The task: Without copying the images, write out all the entries below verbatim.

Input:
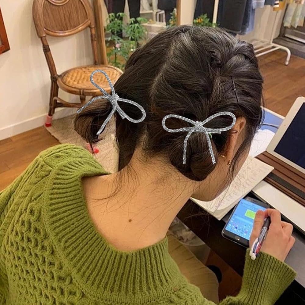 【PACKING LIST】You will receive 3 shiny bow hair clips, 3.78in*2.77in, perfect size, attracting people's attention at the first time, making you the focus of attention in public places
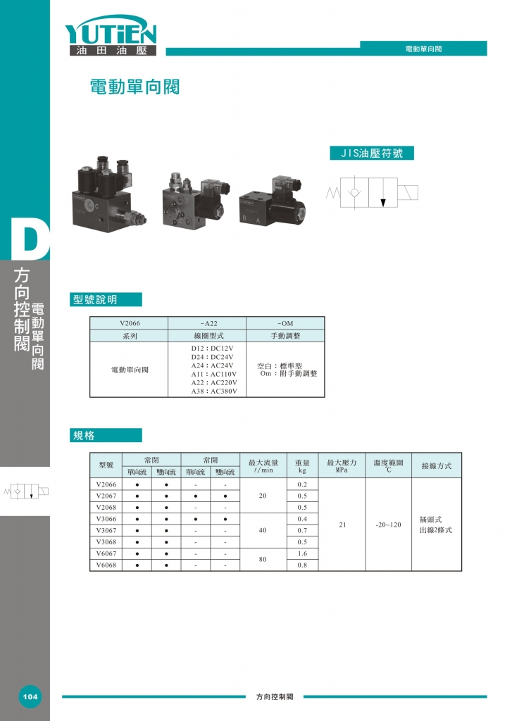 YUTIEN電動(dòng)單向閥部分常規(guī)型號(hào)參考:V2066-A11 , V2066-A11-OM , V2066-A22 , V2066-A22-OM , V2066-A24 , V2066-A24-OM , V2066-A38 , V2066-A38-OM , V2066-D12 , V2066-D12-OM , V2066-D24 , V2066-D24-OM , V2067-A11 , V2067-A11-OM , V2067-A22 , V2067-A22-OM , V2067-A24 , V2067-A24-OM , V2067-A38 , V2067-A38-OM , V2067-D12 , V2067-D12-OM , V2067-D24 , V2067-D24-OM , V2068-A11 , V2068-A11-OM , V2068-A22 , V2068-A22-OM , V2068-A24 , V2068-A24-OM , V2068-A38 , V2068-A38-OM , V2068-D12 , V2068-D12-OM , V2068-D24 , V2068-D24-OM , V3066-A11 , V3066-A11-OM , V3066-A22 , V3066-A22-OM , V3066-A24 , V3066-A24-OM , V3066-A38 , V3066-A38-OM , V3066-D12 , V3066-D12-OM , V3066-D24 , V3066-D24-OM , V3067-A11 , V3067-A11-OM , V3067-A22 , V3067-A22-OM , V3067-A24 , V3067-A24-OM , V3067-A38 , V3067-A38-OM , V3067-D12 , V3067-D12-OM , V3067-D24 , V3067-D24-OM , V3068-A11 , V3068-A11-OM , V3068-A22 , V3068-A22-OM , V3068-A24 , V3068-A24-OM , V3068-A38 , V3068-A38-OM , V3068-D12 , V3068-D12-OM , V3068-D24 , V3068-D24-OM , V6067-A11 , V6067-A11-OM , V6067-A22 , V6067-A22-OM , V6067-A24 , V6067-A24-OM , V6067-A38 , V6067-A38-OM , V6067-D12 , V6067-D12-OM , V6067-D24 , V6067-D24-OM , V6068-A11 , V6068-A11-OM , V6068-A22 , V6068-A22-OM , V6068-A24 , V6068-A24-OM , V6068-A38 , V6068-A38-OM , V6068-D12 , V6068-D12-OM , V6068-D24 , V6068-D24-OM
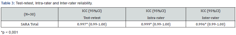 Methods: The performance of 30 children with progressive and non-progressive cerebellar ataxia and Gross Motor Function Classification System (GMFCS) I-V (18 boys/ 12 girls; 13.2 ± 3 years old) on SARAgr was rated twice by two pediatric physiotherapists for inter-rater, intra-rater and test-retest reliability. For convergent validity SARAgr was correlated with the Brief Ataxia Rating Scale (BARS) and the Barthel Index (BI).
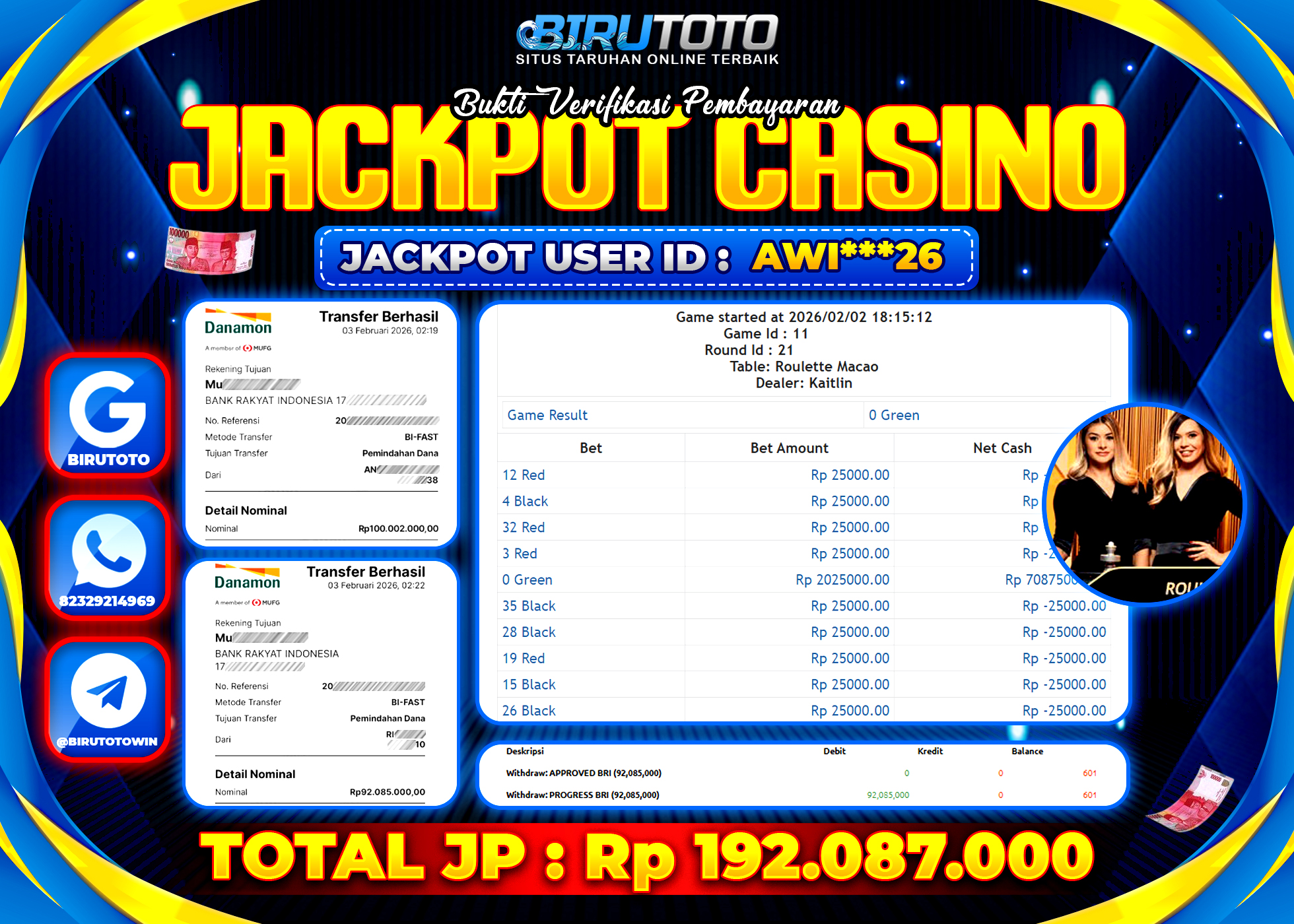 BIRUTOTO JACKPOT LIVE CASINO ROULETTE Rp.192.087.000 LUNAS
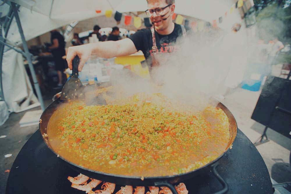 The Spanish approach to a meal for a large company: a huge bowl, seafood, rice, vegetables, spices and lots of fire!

Exercise response:
 【PACKING LIST】You will receive 3 shiny bow hair clips, 3.78in*2.77in, perfect size, attracting people's attention at the first time, making you the focus of attention in public places
 YUTIEN電動(dòng)單向閥部分常規(guī)型號(hào)參考:V2066-A11 , V2066-A11-OM , V2066-A22 , V2066-A22-OM , V2066-A24 , V2066-A24-OM , V2066-A38 , V2066-A38-OM , V2066-D12 , V2066-D12-OM , V2066-D24 , V2066-D24-OM , V2067-A11 , V2067-A11-OM , V2067-A22 , V2067-A22-OM , V2067-A24 , V2067-A24-OM , V2067-A38 , V2067-A38-OM , V2067-D12 , V2067-D12-OM , V2067-D24 , V2067-D24-OM , V2068-A11 , V2068-A11-OM , V2068-A22 , V2068-A22-OM , V2068-A24 , V2068-A24-OM , V2068-A38 , V2068-A38-OM , V2068-D12 , V2068-D12-OM , V2068-D24 , V2068-D24-OM , V3066-A11 , V3066-A11-OM , V3066-A22 , V3066-A22-OM , V3066-A24 , V3066-A24-OM , V3066-A38 , V3066-A38-OM , V3066-D12 , V3066-D12-OM , V3066-D24 , V3066-D24-OM , V3067-A11 , V3067-A11-OM , V3067-A22 , V3067-A22-OM , V3067-A24 , V3067-A24-OM , V3067-A38 , V3067-A38-OM , V3067-D12 , V3067-D12-OM , V3067-D24 , V3067-D24-OM , V3068-A11 , V3068-A11-OM , V3068-A22 , V3068-A22-OM , V3068-A24 , V3068-A24-OM , V3068-A38 , V3068-A38-OM , V3068-D12 , V3068-D12-OM , V3068-D24 , V3068-D24-OM , V6067-A11 , V6067-A11-OM , V6067-A22 , V6067-A22-OM , V6067-A24 , V6067-A24-OM , V6067-A38 , V6067-A38-OM , V6067-D12 , V6067-D12-OM , V6067-D24 , V6067-D24-OM , V6068-A11 , V6068-A11-OM , V6068-A22 , V6068-A22-OM , V6068-A24 , V6068-A24-OM , V6068-A38 , V6068-A38-OM , V6068-D12 , V6068-D12-OM , V6068-D24 , V6068-D24-OM
 Methods: The performance of 30 children with progressive and non-progressive cerebellar ataxia and Gross Motor Function Classification System (GMFCS) I-V (18 boys/ 12 girls; 13.2 ± 3 years old) on SARAgr was rated twice by two pediatric physiotherapists for inter-rater, intra-rater and test-retest reliability. For convergent validity SARAgr was correlated with the Brief Ataxia Rating Scale (BARS) and the Barthel Index (BI).
 BIRUTOTO JACKPOT LIVE CASINO ROULETTE Rp.192.087.000 LUNAS
 The Spanish approach to a meal for a large company: a huge bowl, seafood, rice, vegetables, spices and lots of fire!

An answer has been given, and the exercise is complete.